[Study material — start]
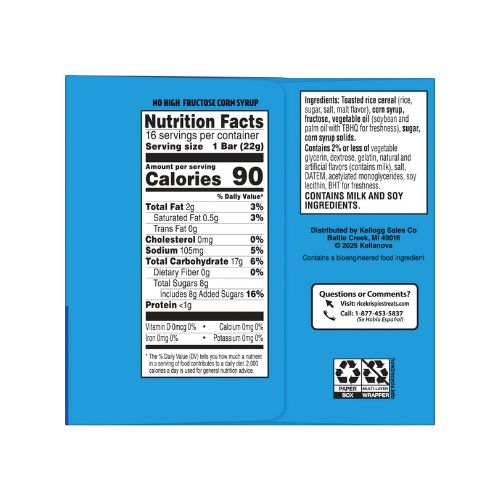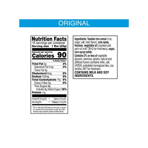 • Discover sweet flavor and crispy texture; 90 calories per bar; No high fructose corn syrup; Contains milk and soy ingredients​
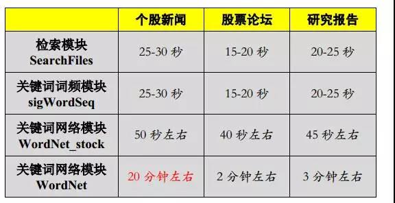 ▲ 在三个数据源中,所有模块个股新闻的平均运行时间是最长的,研究报告次之,而股票 论坛是耗时最少的
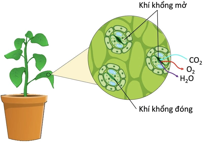 + Hấp thụ CO₂: Khi khí khổng mở, khí carbon dioxide (CO₂) từ không khí sẽ đi vào bên trong lá cây, cung cấp nguyên liệu cho quá trình quang hợp (quá trình tổng hợp đường và oxy dưới tác dụng của ánh sáng).
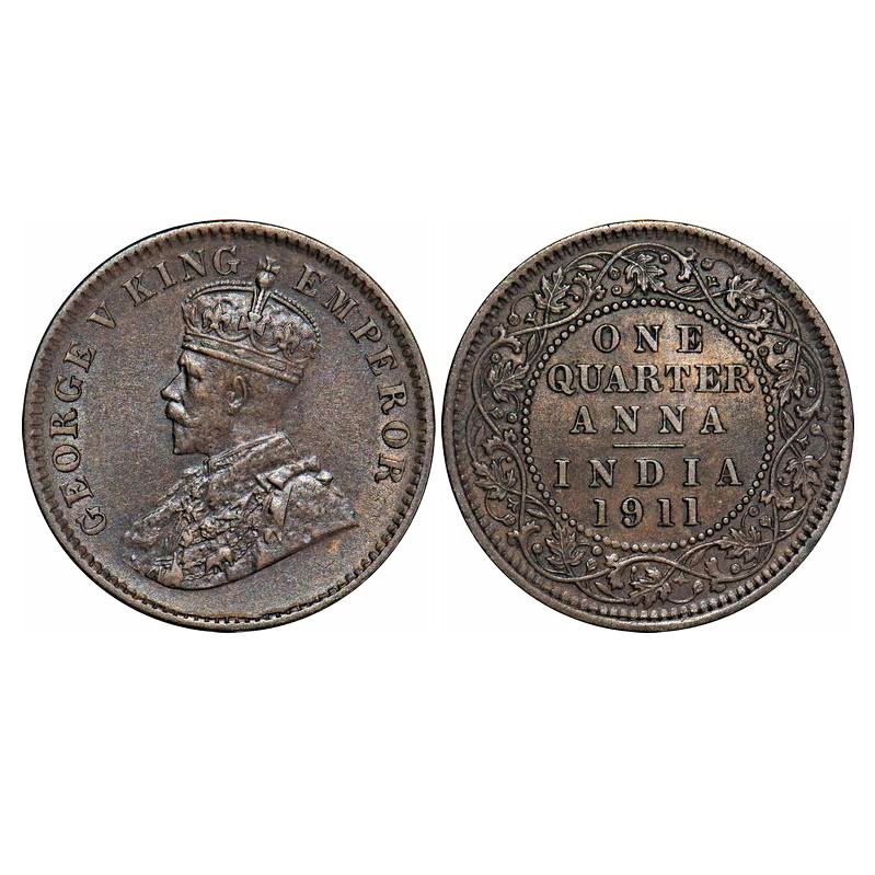 George V, Bronze, Quarter Anna, 1911, Calcutta Mint, No dot, Pig-Type. F. Prid 656. GK 1171. About Uncirculated. Very Scarce.
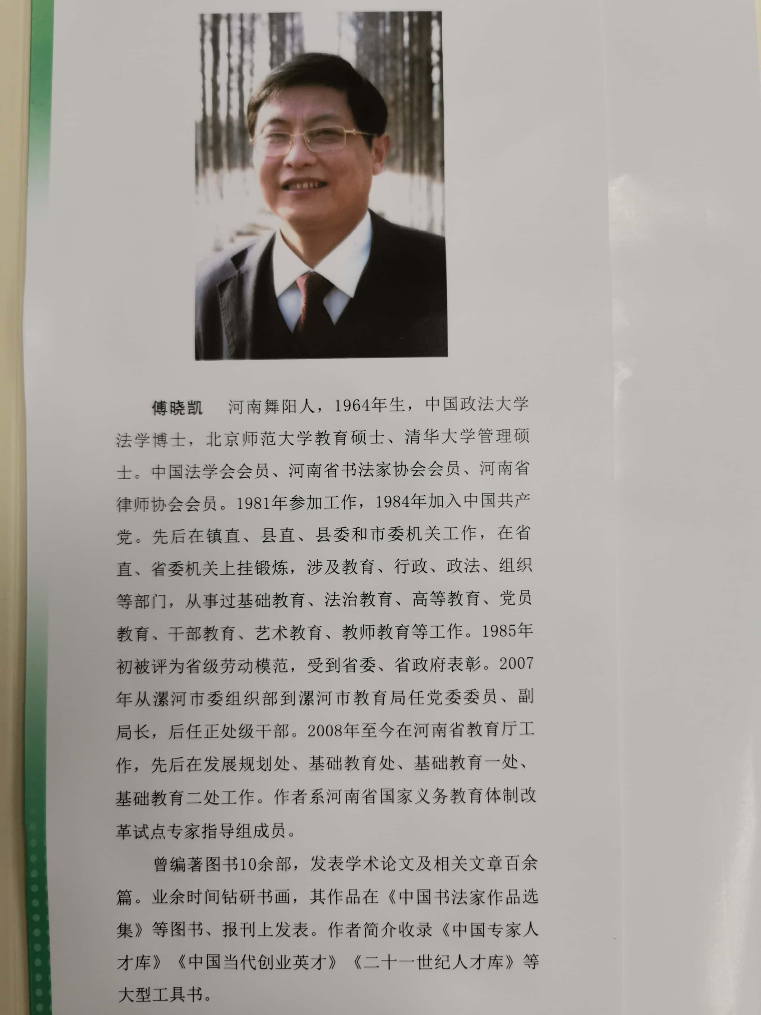 傅晓凯,法学博士、教育学、管理学硕士。国家义务教育体制改革试点专家指导组成员,河南省教育厅基础教育处工作。《教育方法与教育生态创新研究》是傅晓凯博士的最新力作。国家教育部司长姚喜双认为,作者首次在中国教育界提出了“四层五环”大教育生态圈理论。
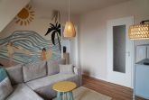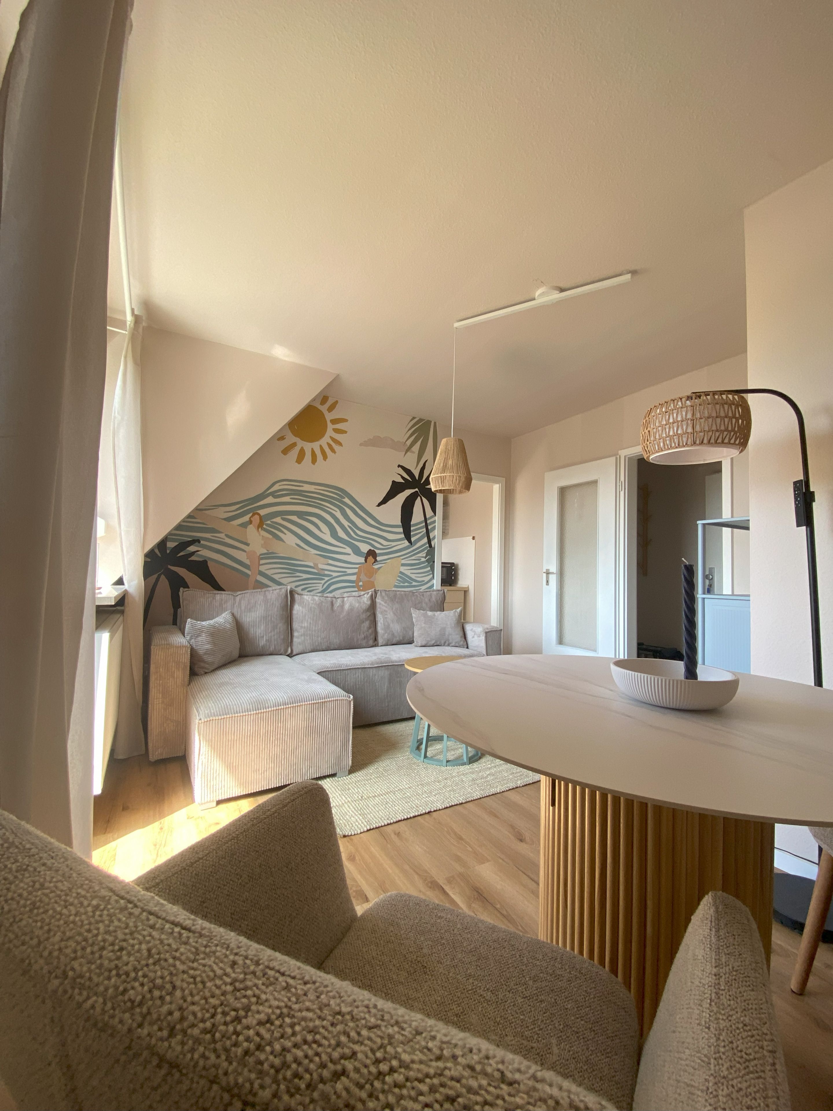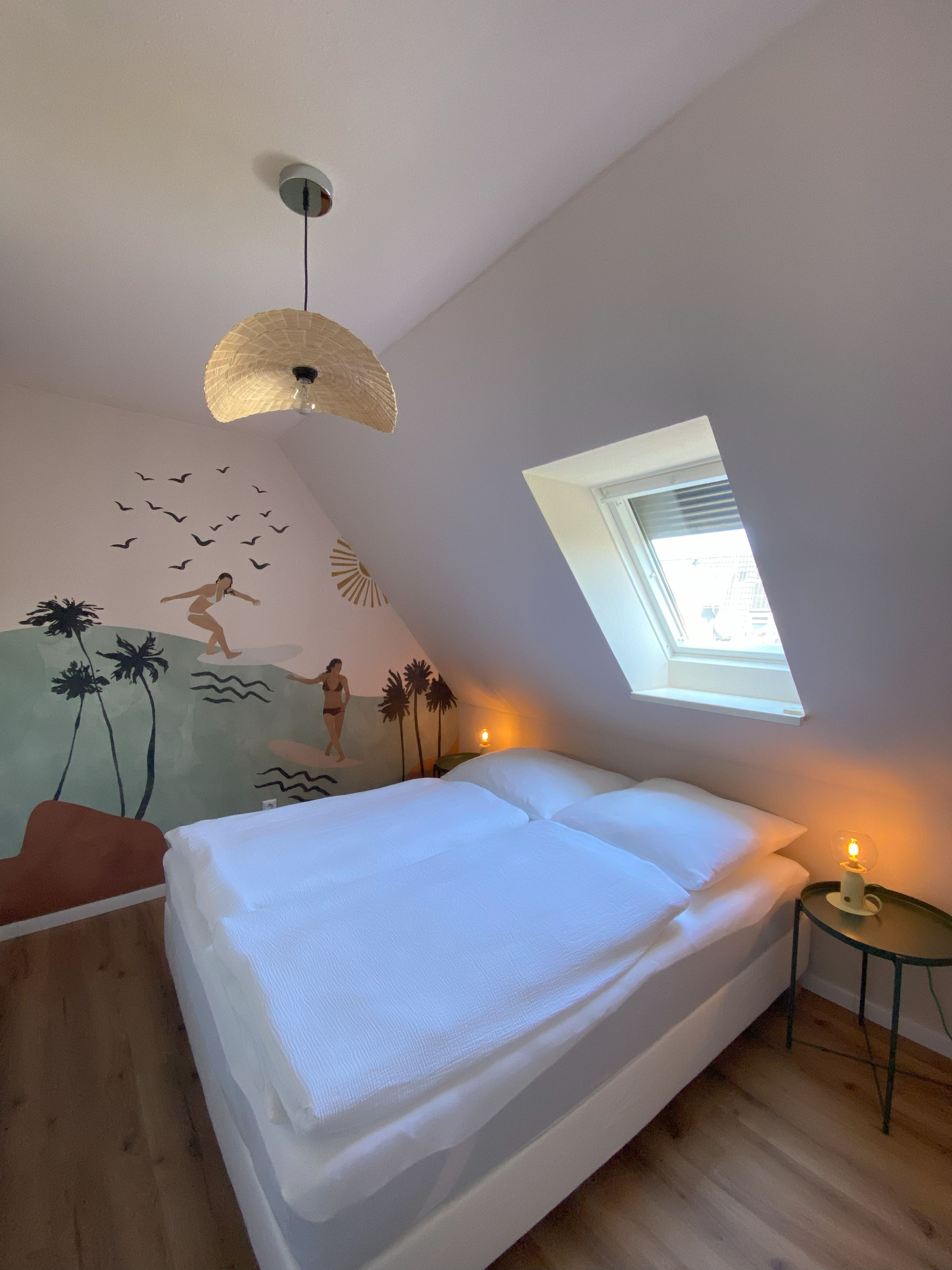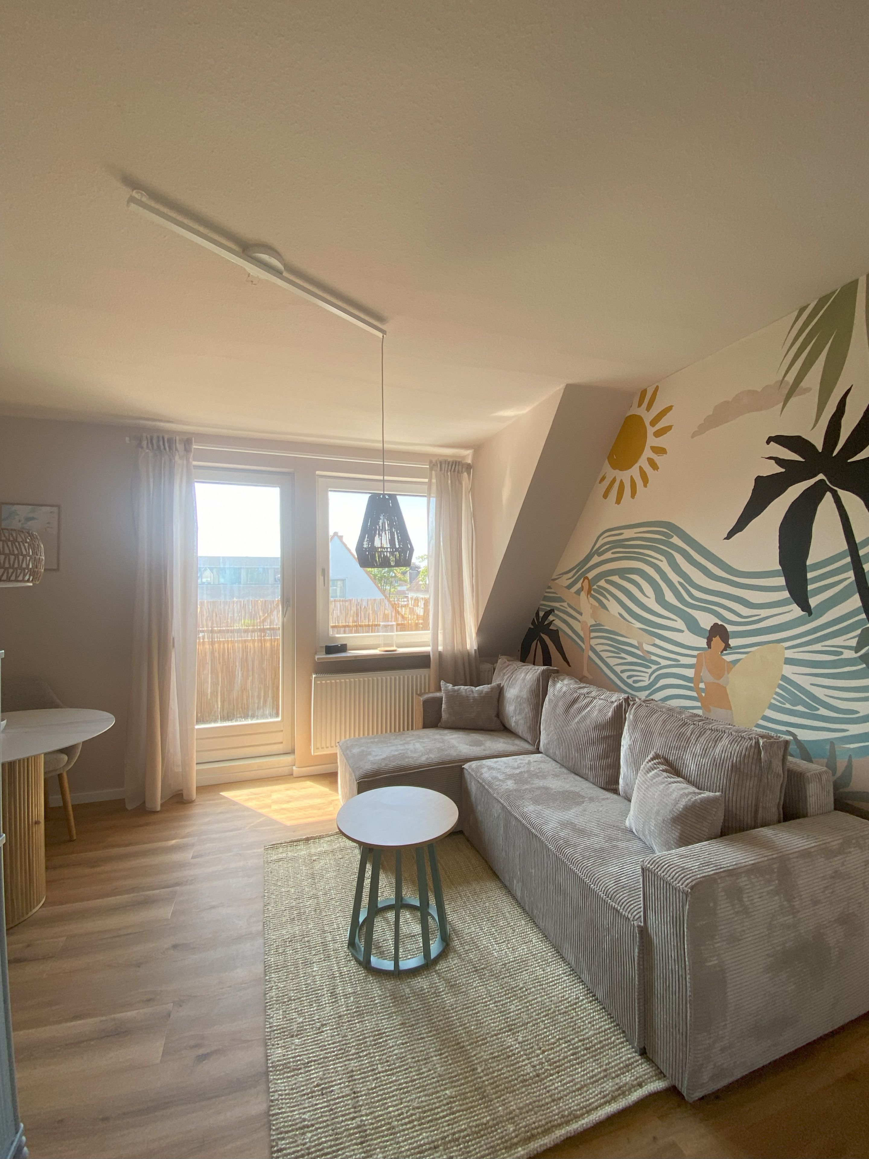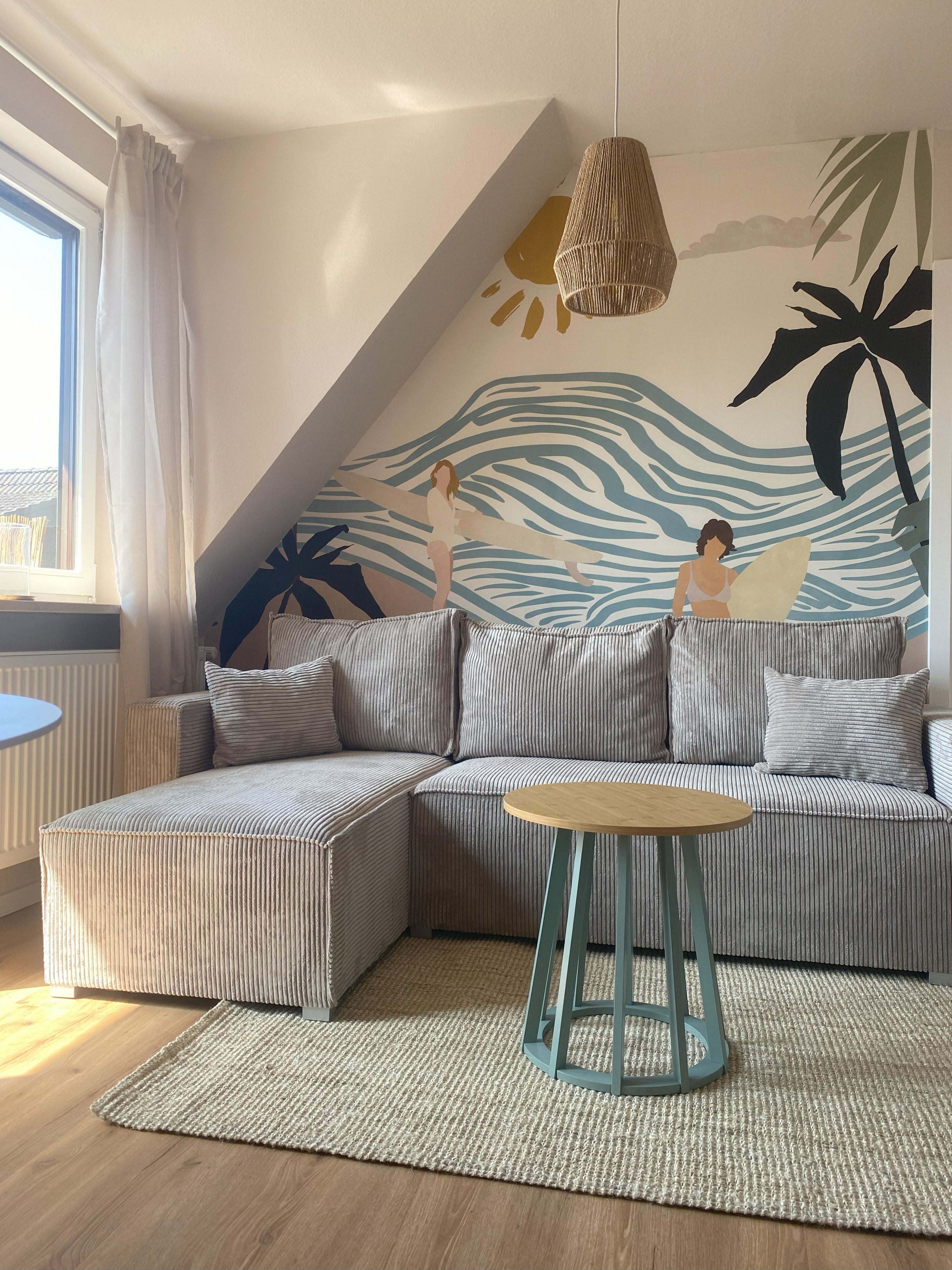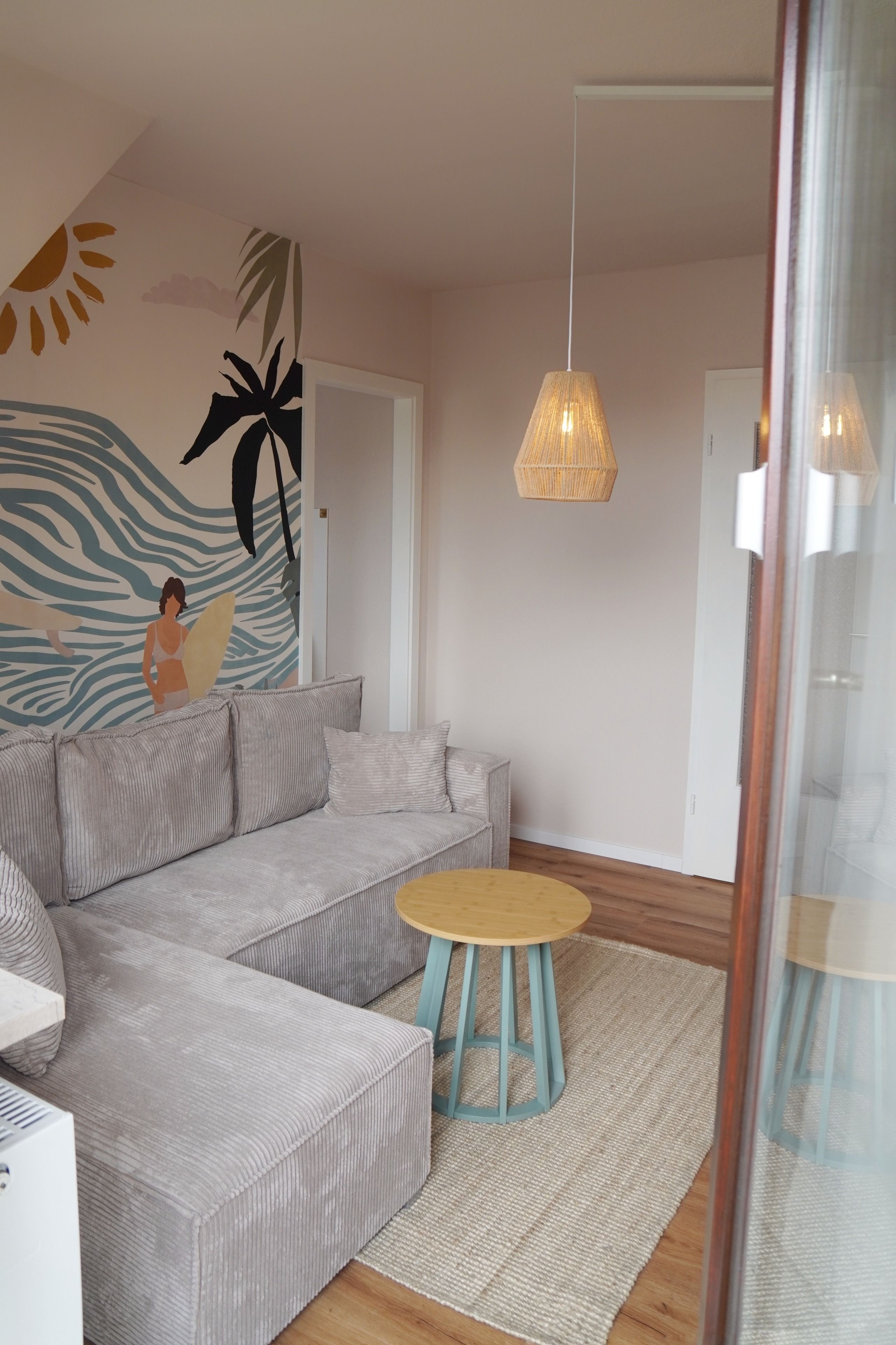 Fühl dich wie zu Hause in unserer gemütlichen Ferienwohnung Butze 6 im hellen Coastal-Boho-Stil.
[Study material — finish]
* _Exercise details_
Retype all entries exactly, without the images.

* _Reply to the task_
 • Discover sweet flavor and crispy texture; 90 calories per bar; No high fructose corn syrup; Contains milk and soy ingredients​
 ▲ 在三个数据源中,所有模块个股新闻的平均运行时间是最长的,研究报告次之,而股票 论坛是耗时最少的
 + Hấp thụ CO₂: Khi khí khổng mở, khí carbon dioxide (CO₂) từ không khí sẽ đi vào bên trong lá cây, cung cấp nguyên liệu cho quá trình quang hợp (quá trình tổng hợp đường và oxy dưới tác dụng của ánh sáng).
 George V, Bronze, Quarter Anna, 1911, Calcutta Mint, No dot, Pig-Type. F. Prid 656. GK 1171. About Uncirculated. Very Scarce.
 傅晓凯,法学博士、教育学、管理学硕士。国家义务教育体制改革试点专家指导组成员,河南省教育厅基础教育处工作。《教育方法与教育生态创新研究》是傅晓凯博士的最新力作。国家教育部司长姚喜双认为,作者首次在中国教育界提出了“四层五环”大教育生态圈理论。
 Fühl dich wie zu Hause in unserer gemütlichen Ferienwohnung Butze 6 im hellen Coastal-Boho-Stil.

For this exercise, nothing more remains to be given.